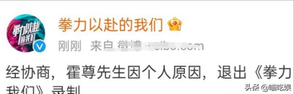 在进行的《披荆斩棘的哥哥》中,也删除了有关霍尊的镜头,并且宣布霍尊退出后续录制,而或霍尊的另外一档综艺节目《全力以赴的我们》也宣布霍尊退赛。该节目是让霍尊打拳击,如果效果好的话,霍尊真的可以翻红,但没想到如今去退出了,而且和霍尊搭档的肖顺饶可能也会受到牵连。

--

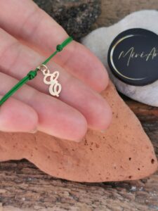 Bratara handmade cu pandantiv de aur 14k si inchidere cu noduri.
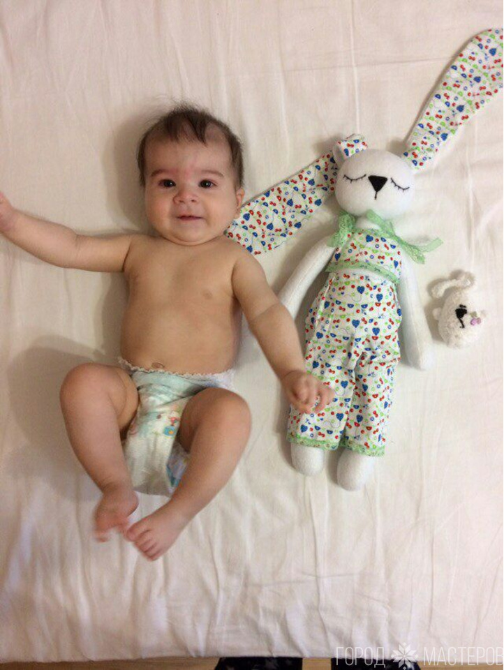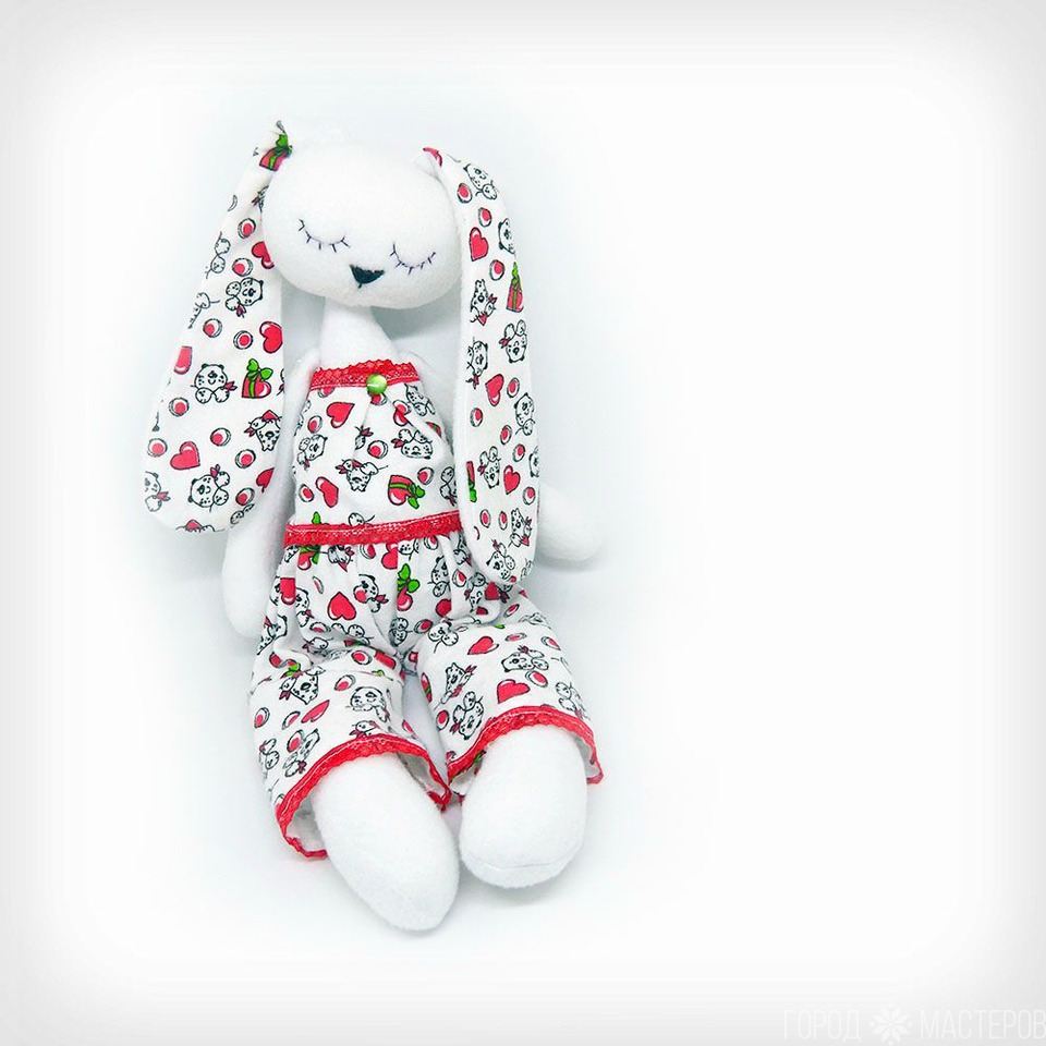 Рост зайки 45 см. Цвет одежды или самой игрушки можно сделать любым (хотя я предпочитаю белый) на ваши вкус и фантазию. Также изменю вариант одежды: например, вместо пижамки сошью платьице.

## EXERCISE REQUIREMENTS
Take the material above from the line containing "Bratara handmade cu" up to and including the line containing "Рост зайки 45" and retype it exactly, without any pictures.

## WRITTEN ANSWER
 Bratara handmade cu pandantiv de aur 14k si inchidere cu noduri.
 Рост зайки 45 см. Цвет одежды или самой игрушки можно сделать любым (хотя я предпочитаю белый) на ваши вкус и фантазию. Также изменю вариант одежды: например, вместо пижамки сошью платьице.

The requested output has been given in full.